My old Triumph TR-6 had yellow fogs and they did work better to reduce reflected glare while driving in heavy fog. Where I live now, real fog light use is few and far between.

I believe the yellow fog's would look good on some color goats but I don't think my SRM is one of them.

Red.


----------



## GTO JUDGE (May 14, 2005)

BV GTO said:


> Yellow fogs are actually better in the fog than whites, less bounce back of the light from the fog. Years ago rally cars all used yellow fogs and in France, headlights had to be yellow, too.


:agree 

One of our club members has amber fog lights on a CYG. They look nice. The white ones are driving lights that add to illumination. They are not really "fog lights" and do not cut the fog like amber ones do.


----------



## JerseyGoat (Dec 2, 2005)

silgoat05 said:


> well my buddy got yellow head lights in his looks good get em!!:cheers


yellow head lights? any pics?
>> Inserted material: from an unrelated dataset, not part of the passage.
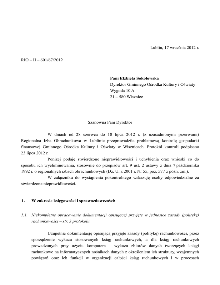 Lublin, 17 września 2012 r. RIO – II – 601/67/2012 Pani Elżbieta Sokołowska Dyrektor Gminnego Ośrodka Kultury i Oświaty Wygoda 10 A 21 – 580 Wisznice Szanowna Pani Dyrektor W dniach od 28 czerwca do 10 lipca 2012 r. (z uzasadnionymi przerwami) Regionalna Izba Obrachunkowa w Lublinie przeprowadziła problemową kontrolę gospodarki finansowej Gminnego Ośrodka Kultury i Oświaty w Wisznicach. Protokół kontroli podpisano 23 lipca 2012 r. Poniżej podaję stwierdzone nieprawidłowości i uchybienia oraz wnioski co do sposobu ich wyeliminowania, stosownie do przepisów art. 9 ust. 2 ustawy z dnia 7 października 1992 r. o regionalnych izbach obrachunkowych (Dz. U. z 2001 r. Nr 55, poz. 577 z późn. zm.). W załączniku do wystąpienia pokontrolnego wskazuję osoby odpowiedzialne za stwierdzone nieprawidłowości. 1. W zakresie księgowości i sprawozdawczości: 1.1. Niekompletne opracowanie dokumentacji opisującej przyjęte w jednostce zasady (politykę) rachunkowości – str. 3 protokołu. Uzupełnić dokumentację opisującą przyjęte zasady (politykę) rachunkowości, przez sporządzenie wykazu stosowanych ksiąg rachunkowych, a dla ksiąg rachunkowych prowadzonych przy użyciu komputera – wykazu zbiorów danych tworzących księgi rachunkowe na informatycznych nośnikach danych z określeniem ich struktury, wzajemnych powiązań oraz ich funkcji w organizacji całości ksiąg rachunkowych i w procesach przetwarzania danych, stosownie do przepisów art. 10 ust. 1 pkt 3 lit. b ustawy z dnia 29 września 1994 r. o rachunkowości (Dz. U. z 2009 r. Nr 152, poz. 1223 z późn. zm.). Ustalenie i bieżące aktualizowanie dokumentacji opisującej przyjęte przez jednostkę zasady (politykę) rachunkowości należy – w myśl przepisów art. 10 ust. 2 ustawy o rachunkowości – do obowiązków kierownika jednostki. 1.2. Nieoznaczenie dziennika oraz zestawienia obrotów i sald kont księgi głównej jednostki (prowadzonych przy użyciu komputera) datą ich sporządzenia – str. 3 protokołu. Księgi rachunkowe prowadzone przy użyciu komputera wyraźnie oznaczać co do daty ich sporządzenia, stosownie do przepisów art. 13 ust. 4 pkt 2 ustawy o rachunkowości. 1.3. Niezamieszczanie w dzienniku jednostki (prowadzonym przy użyciu komputera) danych pozwalających na ustalenie osoby odpowiedzialnej za treść zapisu – str. 4 protokołu. W księgach rachunkowych, prowadzonych przy użyciu komputera, zamieszczać dane pozwalające na ustalenie osoby odpowiedzialnej za treść zapisu, stosownie do przepisów art. 14 ust. 4 ustawy o rachunkowości. 1.4. Ewidencjonowanie operacji gospodarczych na koncie 210, nieprzewidzianym do stosowania w zakładowym planie kont. Ujmowanie na koncie 201 „Rozrachunki z odbiorcami i dostawcami” należności i zobowiązań jednostki, w sytuacji gdy w zakładowym planie kont przewidziano prowadzenie odrębnych kont, tj. dla należności – konta 201 „Należności od odbiorców”, a dla zobowiązań - konta 202 „Rozrachunki z dostawcami” – str. 4, 5 protokołu. Zapisów operacji gospodarczych występujących w jednostce dokonywać na kontach przewidzianych do stosowania w zakładowym planie kont, w związku z przepisami art. 10 ust. 1 pkt 3 lit. „a” ustawy o rachunkowości. Jeżeli zamieszczona w zakładowym planie kont liczba kont syntetycznych jest niewystarczająca w stosunku do potrzeb prowadzenia prawidłowej ewidencji – uzupełnić zakładowy plan kont o konta dodatkowe, zgodne co do treści ekonomicznej z odpowiednimi kontami planu kont, w myśl przepisów § 15 ust. 1 rozporządzenia Ministra Finansów z dnia 5 lipca 2010 r. w sprawie szczególnych zasad rachunkowości oraz planów kont dla budżetu państwa, budżetów jednostek samorządu terytorialnego, jednostek budżetowych, samorządowych zakładów budżetowych, państwowych funduszy celowych oraz państwowych jednostek budżetowych mających siedzibę poza granicami Rzeczypospolitej Polskiej (Dz. U. Nr 128, poz. 861 z późn. zm.), zwanego w dalszej części tego wystąpienia „rozporządzeniem Ministra Finansów z dnia 5 lipca 2010 r.” lub dostosować postanowienia zakładowego planu kont do przyjętej w jednostce praktyki. 1.5. Niezachowanie na przełomie roku 2011 i 2012 ciągłości bilansowej w zakresie konta 201 „Rozrachunki z odbiorcami i dostawcami” wskutek zamknięcia tego konta na koniec 2011 r. tzw. „per saldem” (do bilansu otwarcia 2012 r. wprowadzono prawidłowe salda należności i zobowiązań tego konta) – str. 5 protokołu. Wykazane w księgach rachunkowych na dzień ich zamknięcia stany aktywów i pasywów ujmować - w tej samej wysokości - w otwartych na następny rok obrotowy księgach rachunkowych, stosownie do przepisów art. 5 ust. 1 ustawy o rachunkowości. Na kontach rozrachunkowych wykazywać rzeczywiste stany należności i zobowiązań, nie dokonując ich wzajemnych kompensat, w związku z przepisami art. 7 ust. 3 tej ustawy i zasadami funkcjonowania konta 201 „Rozrachunki z odbiorcami i dostawcami”, określonymi w załączniku Nr 3 do rozporządzenia Ministra Finansów z dnia 5 lipca 2010 r. 1.6. Nieterminowe regulowanie zobowiązań – str. 6 protokołu. Wydatków publicznych dokonywać w terminach wynikających z wcześniej zaciągniętych zobowiązań, stosownie do przepisów art. 44 ust. 3 pkt 3 ustawy z dnia 27 sierpnia 2009 r. o finansach publicznych (Dz. U. Nr 157, poz. 1240 z późn. zm.). 1.7. Nieegzekwowanie należności Gminnego Ośrodka Kultury i Oświaty w Wisznicach z tytułu wynajmu lokalu, sali i sprzętu, wynikających z wystawionych faktur – str. 7, 8 protokołu. Podejmować konsekwentne czynności zmierzające do wyegzekwowania zaległych należności jednostki. Do podmiotów zalegających z uiszczeniem należności kierować wezwania do zapłaty z określeniem terminu zapłaty, a po jego bezskutecznym upływie rozważać kierowanie spraw na drogę postępowania sądowego, na podstawie przepisów 
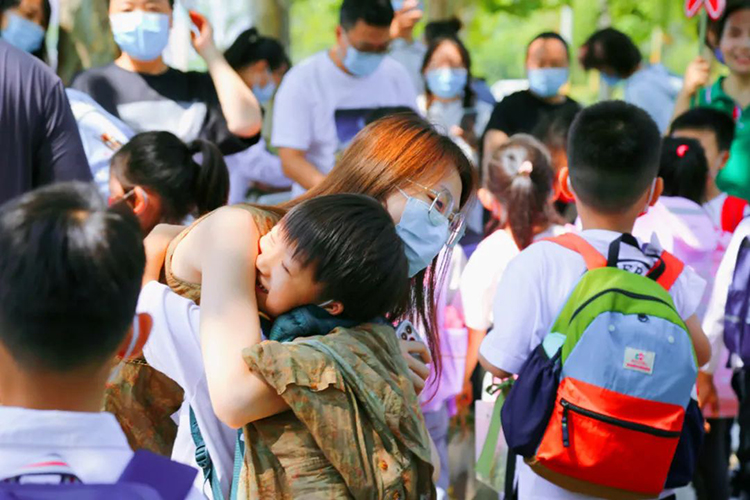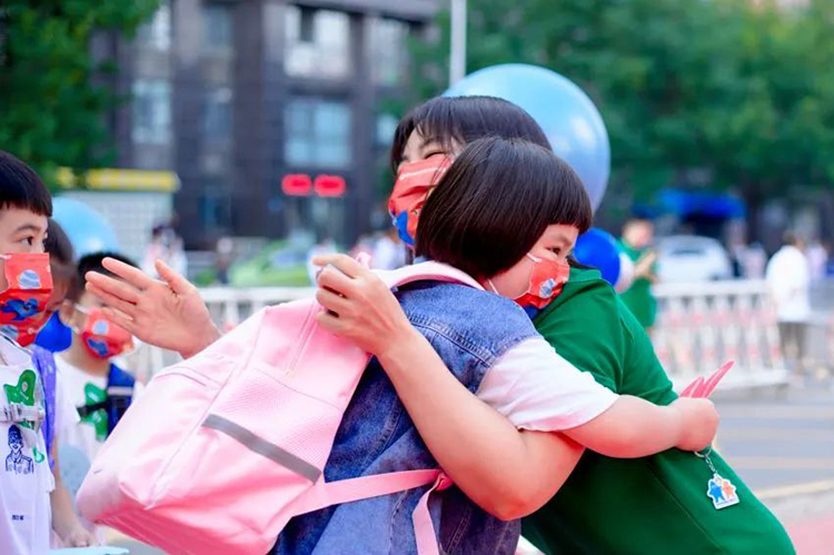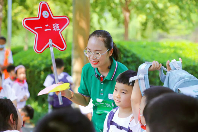 放学了,班主任老师带领孩子们走出校园,把孩子送到爸爸妈妈的手里。在一声声温暖的“再见”中,第一天的小学生活结束。

Do they look like the gto-r headlights or did he just swap bulbs?


----------



## flyer469 (May 19, 2006)

get the yellow tint that goes over the lense


----------



## kicks06 (Nov 21, 2007)

*Brighter Fog Lights*

Do you know what can be done to increase the brightness of the fog lamps? I have not tried any other bulbs and would like to do so. Have just completed changing all the interior lampt to LED's, what a big difference, there all red...WED 6's and the fussion bulbs as well:
kicks06
Dallas, GA.



JerseyGoat said:


> no ricist jokes please but i honestly like the look of how yellow fog lights look on cars. Anyone have them installed on their goat? and if so... what bulbs?


----------



## AlaGreyGoat (Jul 6, 2006)

Hi,
You can replace the 9040, 40 wt fog bulbs with SilverStar 9005ST,
65 wt Hi Beam bulbs.
These are a LOT brighter.
Not all makes of the 9005 bulbs will fit in the fog lights, as some are too long.
I have been running the SilverStar 9005ST for about 1.5 years, with no problems.

Just wish they made H9 and H11 in the SilverStar.

Larry


----------



## kicks06 (Nov 21, 2007)

*Fogs*

Thanks Larry, knew someone had the answer. Very seldom drive the beast at night, but just a good upgrade, I will try this and let you know.
kicks06
Dallas, Ga.


----------



## kicks06 (Nov 21, 2007)

*Fogs*

The 9005ST's did the job, drove the GOAT out Saturday night and could really see a big difference. Thanks again for the tip:
kicks06
Dallas, Ga.
SEGTOAarty:



kicks06 said:


> Thanks Larry, knew someone had the answer. Very seldom drive the beast at night, but just a good upgrade, I will try this and let you know.
> kicks06
> Dallas, Ga.


----------